Patients with acromegaly are at moderately increased risk of developing colorectal cancer and may be considered for screening colonoscopy. In turn, large bowel dimensions may be increased in these patients, factors that predict for increased risk of serious complications such as perforation. Objective 

To evaluate this risk potential, we measured large bowel length and loop complexity using magnetic endoscopic imaging (MEI). Design 

Case–control study in 25 unselected patients with acromegaly (mean age 56 years) vs. 41 nonacromegalic controls (mean age 60 years) undergoing screening colonoscopy. Measurements 

MEI parameters were determined and age- and sex-adjusted mean differences calculated. The dependency of total large bowel length on various demographic and disease-related factors (e.g.

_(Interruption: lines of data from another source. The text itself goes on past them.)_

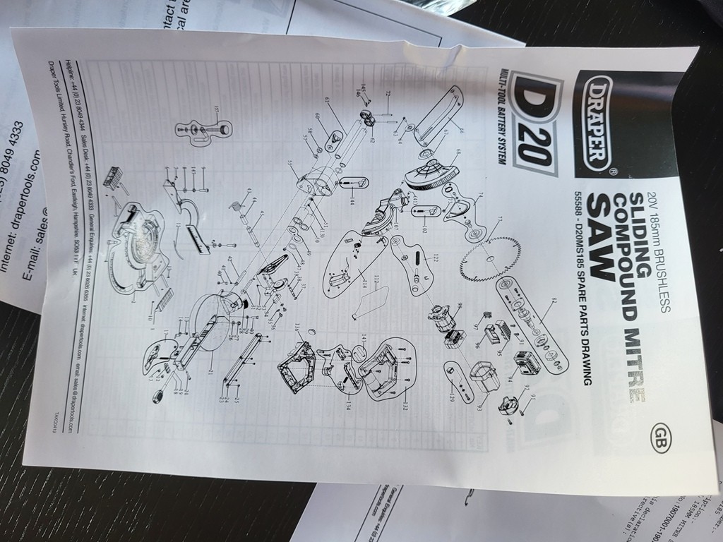 Used Draper D20 20V Brushless 185Mm Sliding Compound Mitre Saw – Part No. 20MS185
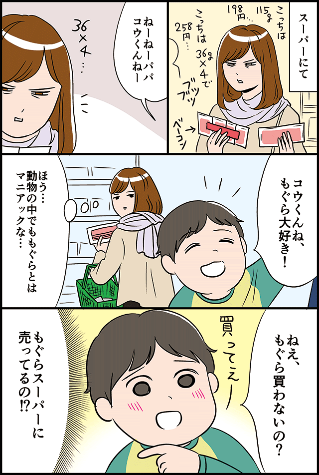 うちの3歳の子供も、「もぐら、もぐら、もぐら…まぐろ?」と言っていたので、子供にとってはもぐらとまぐろは言い間違いやすいのかもしれないですね!(笑)
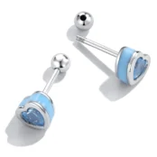 Pendientes de Botón Corazones Azules, Plata de Ley 925, chapada en oro blanco, con circonitas en forma de corazón azul y esmalte azul.
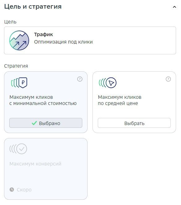 Даем кампании имя. Первый экран позволяет выбрать цель и стратегию. Можно выбрать:
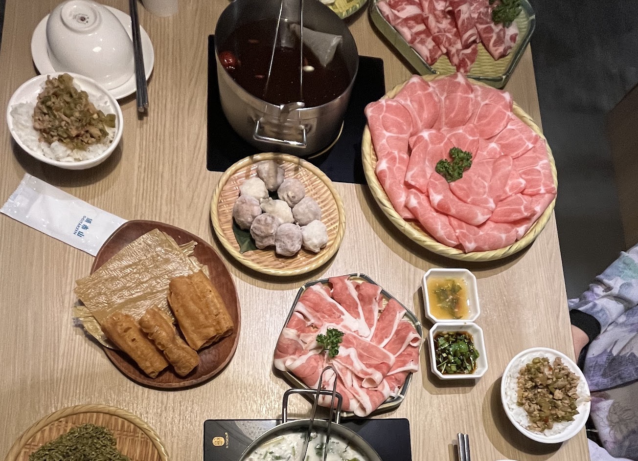 自製高湯的休閒火鍋餐廳,供應多種肉類與蔬菜。
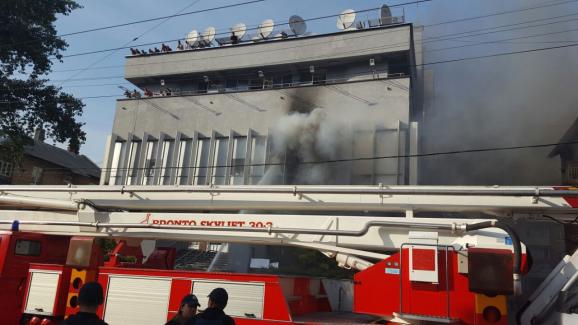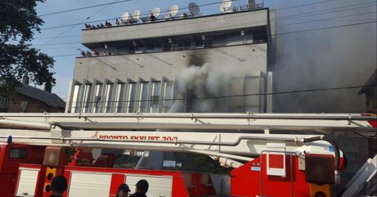 Unidentified persons set tires on fire outside Inter TV channel’s office on 23 Shchuseva St. in Kyiv. The fire also broke out inside the building.
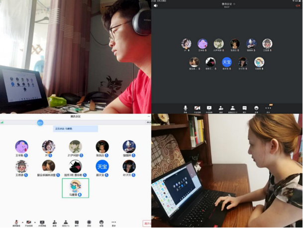 (实践团成员在微信群、腾讯会议上结合调研数据进行动画脚本和视频制作探讨)
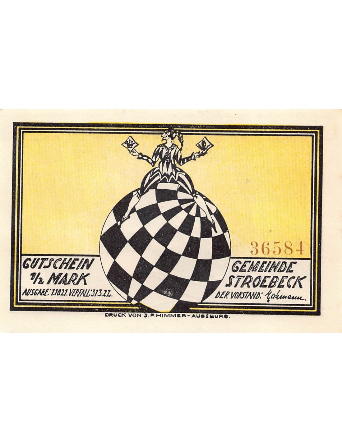 ALLEMAGNE, STROEBECK GEMEINDE - 1/2 MARK 1922

GH exposure, IGF-I and IGFBP-3 concentrations) was assessed using regression techniques. Results 

Total large bowel length was increased by 20%[95% confidence interval (CI) 9–31%] in patients with acromegaly compared with controls (unadjusted and adjusted; P-values < 0·001). Acromegaly was also associated with increased time taken to reach the caecum (P = 0·01) and increased pelvic loop complexities (5/25 vs. 1/41, Fisher's exact test: P = 0·03). Total large bowel length was predicted by age at colonoscopy (P = 0·003) and patient height (P = 0·03), but not by surrogate biochemical markers of disease activity. Conclusions 

Acromegaly is associated with increased large bowel length and loop complexity making colonoscopy technically challenging, and theoretically increasing the risk of serious complications. Patients need to be counselled accordingly, and appropriate resources with experienced staff allocated.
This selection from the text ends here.